[About this task]
Shown below are entries with pictures; the line with "Boys Intarsia Pine" through the line with "Druckbleistift mit Vorschubmechanik." is the span to retype exactly, and the pictures stay out.

[Given records]

──────────────────────────────

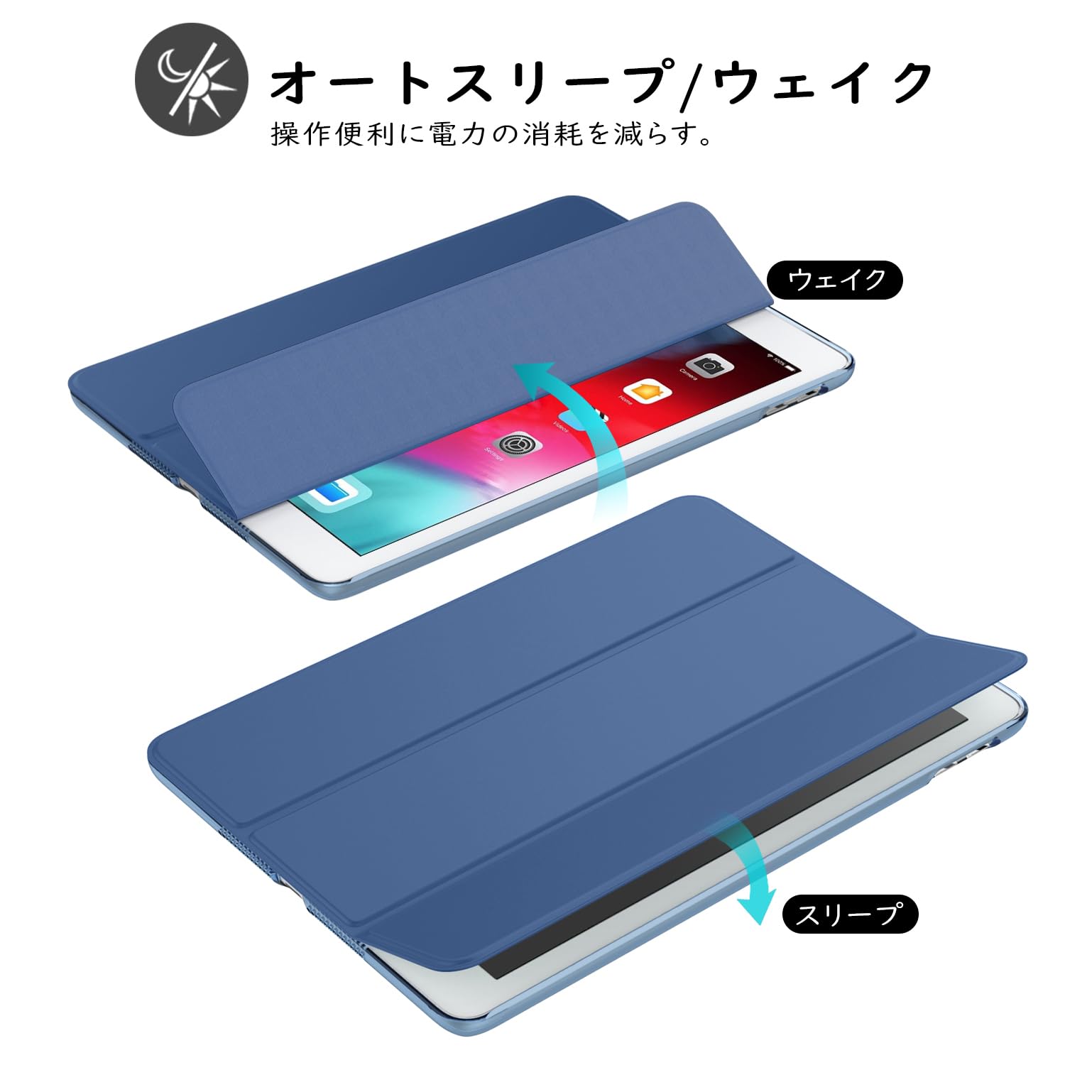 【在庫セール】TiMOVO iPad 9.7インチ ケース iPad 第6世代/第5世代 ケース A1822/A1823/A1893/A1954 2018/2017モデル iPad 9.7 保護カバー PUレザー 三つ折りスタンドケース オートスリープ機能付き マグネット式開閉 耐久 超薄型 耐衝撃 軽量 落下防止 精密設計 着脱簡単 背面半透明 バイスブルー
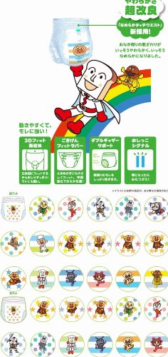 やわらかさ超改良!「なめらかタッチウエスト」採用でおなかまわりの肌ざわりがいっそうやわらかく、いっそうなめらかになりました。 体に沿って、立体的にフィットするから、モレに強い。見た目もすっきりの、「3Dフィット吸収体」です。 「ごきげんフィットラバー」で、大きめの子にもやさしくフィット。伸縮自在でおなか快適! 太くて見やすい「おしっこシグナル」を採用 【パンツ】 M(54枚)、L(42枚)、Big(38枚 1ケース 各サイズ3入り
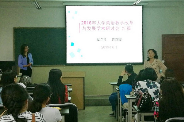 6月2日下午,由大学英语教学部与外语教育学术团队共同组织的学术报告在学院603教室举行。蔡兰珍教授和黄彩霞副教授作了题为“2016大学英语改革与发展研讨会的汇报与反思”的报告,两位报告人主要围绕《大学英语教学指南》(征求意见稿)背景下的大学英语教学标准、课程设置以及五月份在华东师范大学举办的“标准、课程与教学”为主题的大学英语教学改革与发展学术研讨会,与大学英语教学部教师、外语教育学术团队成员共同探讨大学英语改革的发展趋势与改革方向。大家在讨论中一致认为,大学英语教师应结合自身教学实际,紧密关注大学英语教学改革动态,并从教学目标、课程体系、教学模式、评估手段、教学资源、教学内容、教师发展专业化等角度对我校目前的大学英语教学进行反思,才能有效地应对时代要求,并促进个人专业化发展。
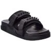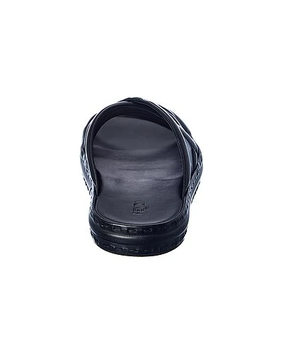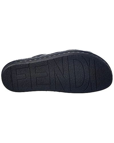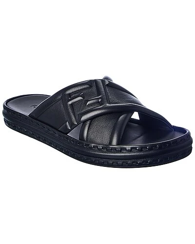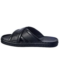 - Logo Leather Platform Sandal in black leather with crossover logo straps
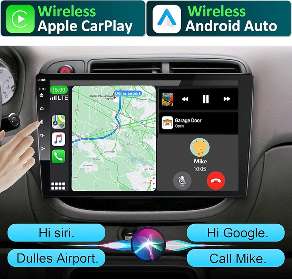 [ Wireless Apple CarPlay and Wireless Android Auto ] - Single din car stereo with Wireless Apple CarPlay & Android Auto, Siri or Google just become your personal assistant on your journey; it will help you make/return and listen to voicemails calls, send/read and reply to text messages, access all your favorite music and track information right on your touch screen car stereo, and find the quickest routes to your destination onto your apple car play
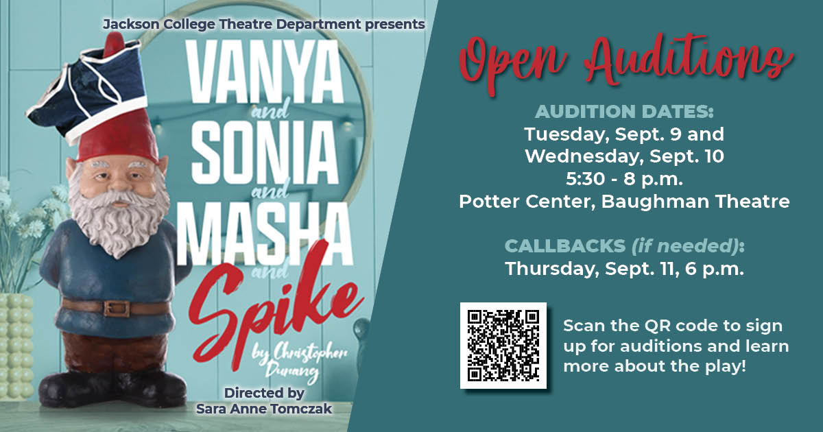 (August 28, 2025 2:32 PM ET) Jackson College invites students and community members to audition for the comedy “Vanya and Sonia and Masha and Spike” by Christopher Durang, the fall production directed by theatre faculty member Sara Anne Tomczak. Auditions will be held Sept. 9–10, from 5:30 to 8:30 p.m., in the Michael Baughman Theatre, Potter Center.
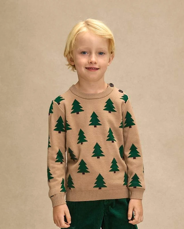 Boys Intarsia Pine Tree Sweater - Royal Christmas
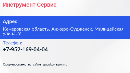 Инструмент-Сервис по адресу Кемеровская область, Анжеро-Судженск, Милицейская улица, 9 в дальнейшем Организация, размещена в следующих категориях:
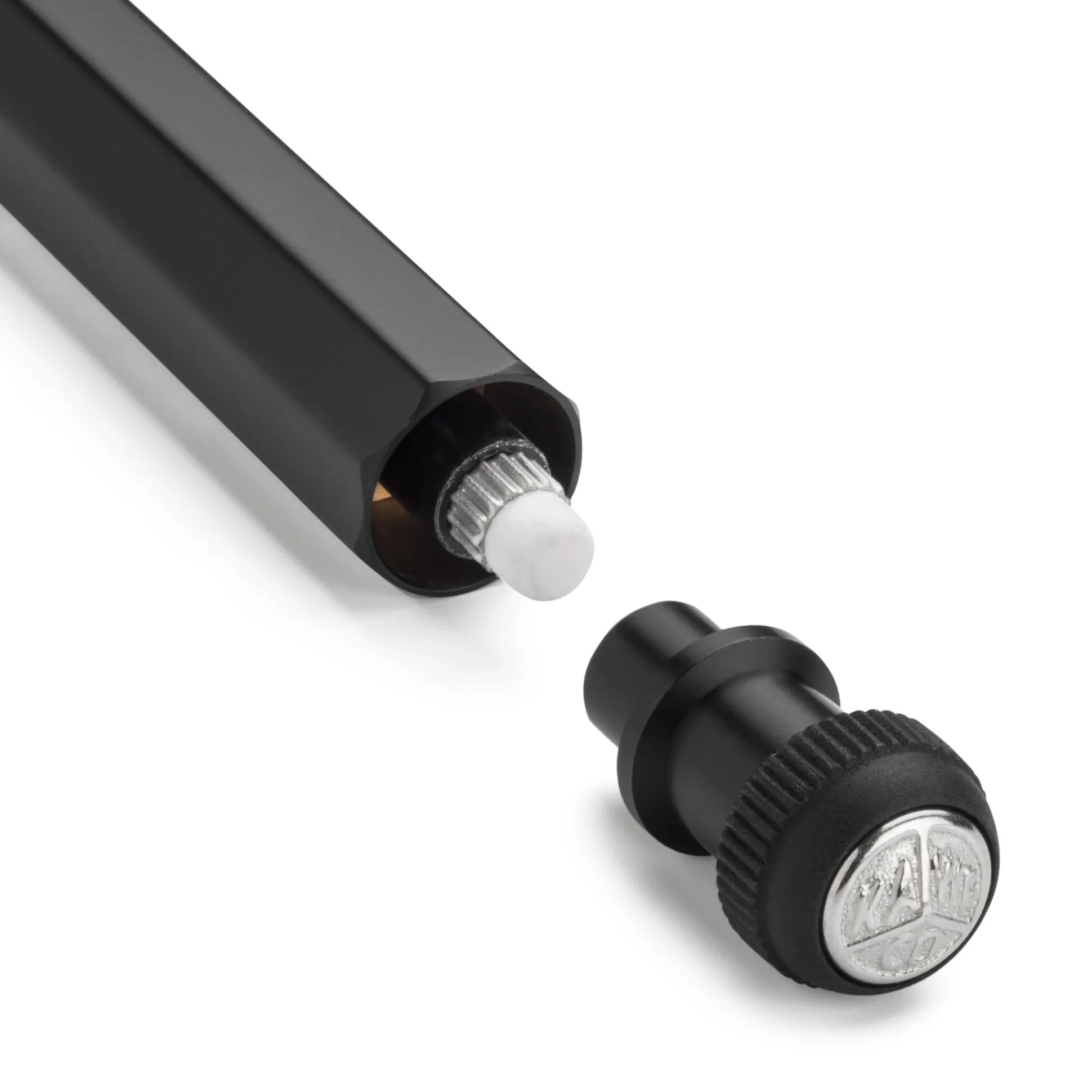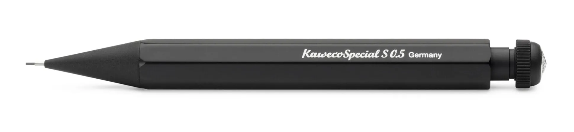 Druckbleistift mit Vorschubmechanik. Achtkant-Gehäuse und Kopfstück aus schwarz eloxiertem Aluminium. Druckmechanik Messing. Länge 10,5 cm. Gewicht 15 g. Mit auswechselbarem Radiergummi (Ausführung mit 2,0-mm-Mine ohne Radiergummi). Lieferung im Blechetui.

──────────────────────────────

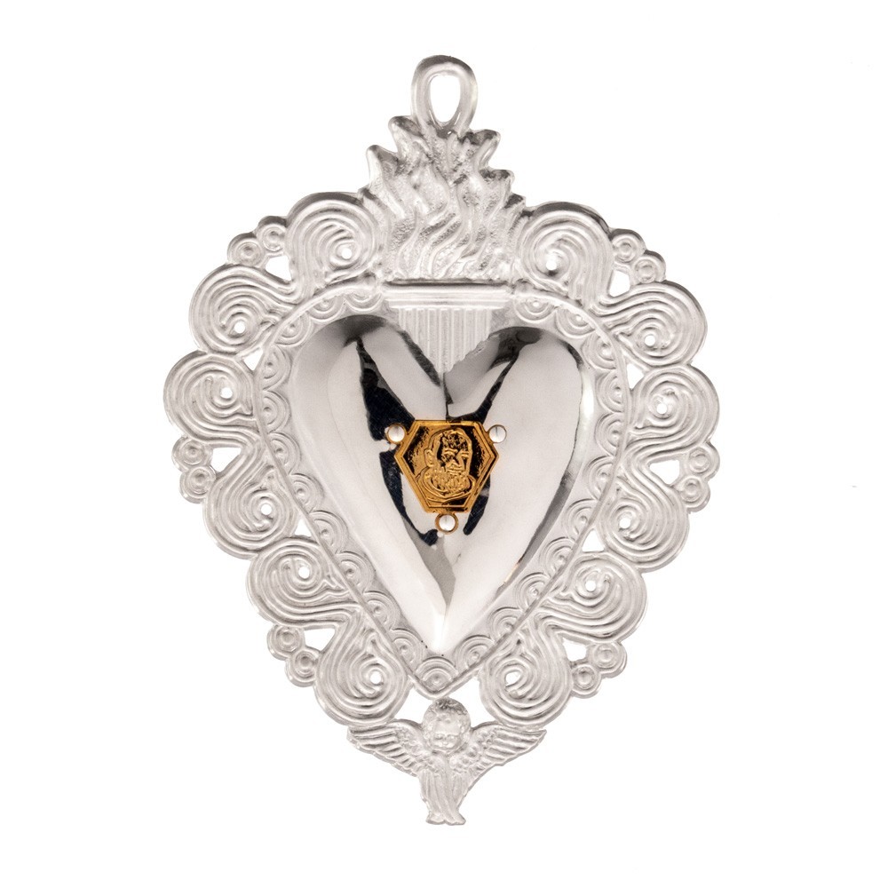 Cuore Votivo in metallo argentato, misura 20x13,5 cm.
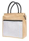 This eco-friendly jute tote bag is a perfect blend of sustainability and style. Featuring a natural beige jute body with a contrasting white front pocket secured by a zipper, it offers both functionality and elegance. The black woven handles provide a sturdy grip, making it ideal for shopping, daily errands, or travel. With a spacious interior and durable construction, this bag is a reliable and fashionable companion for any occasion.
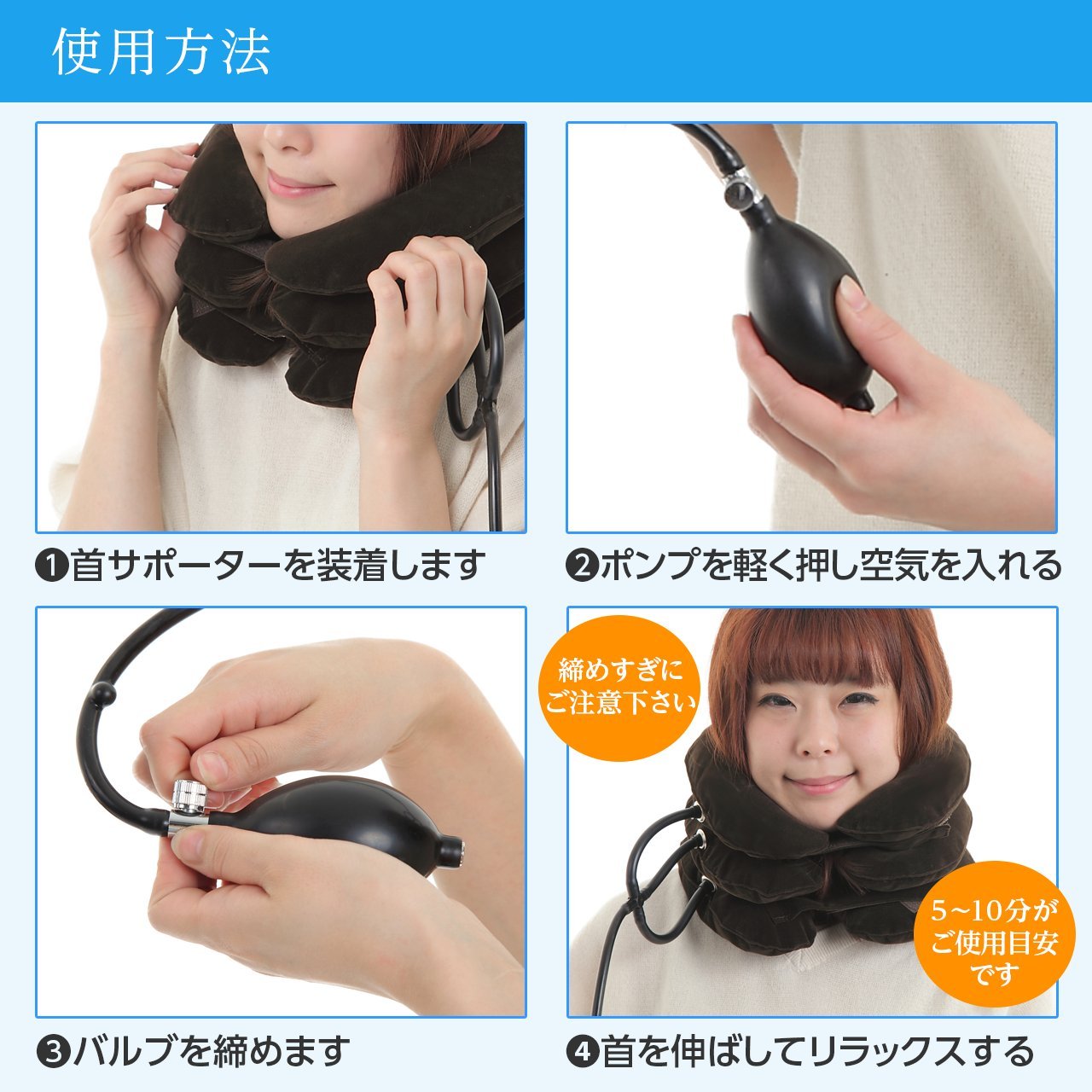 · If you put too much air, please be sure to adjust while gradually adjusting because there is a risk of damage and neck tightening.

──────────────────────────────

[Task output]
 Boys Intarsia Pine Tree Sweater - Royal Christmas
 Инструмент-Сервис по адресу Кемеровская область, Анжеро-Судженск, Милицейская улица, 9 в дальнейшем Организация, размещена в следующих категориях:
 Druckbleistift mit Vorschubmechanik. Achtkant-Gehäuse und Kopfstück aus schwarz eloxiertem Aluminium. Druckmechanik Messing. Länge 10,5 cm. Gewicht 15 g. Mit auswechselbarem Radiergummi (Ausführung mit 2,0-mm-Mine ohne Radiergummi). Lieferung im Blechetui.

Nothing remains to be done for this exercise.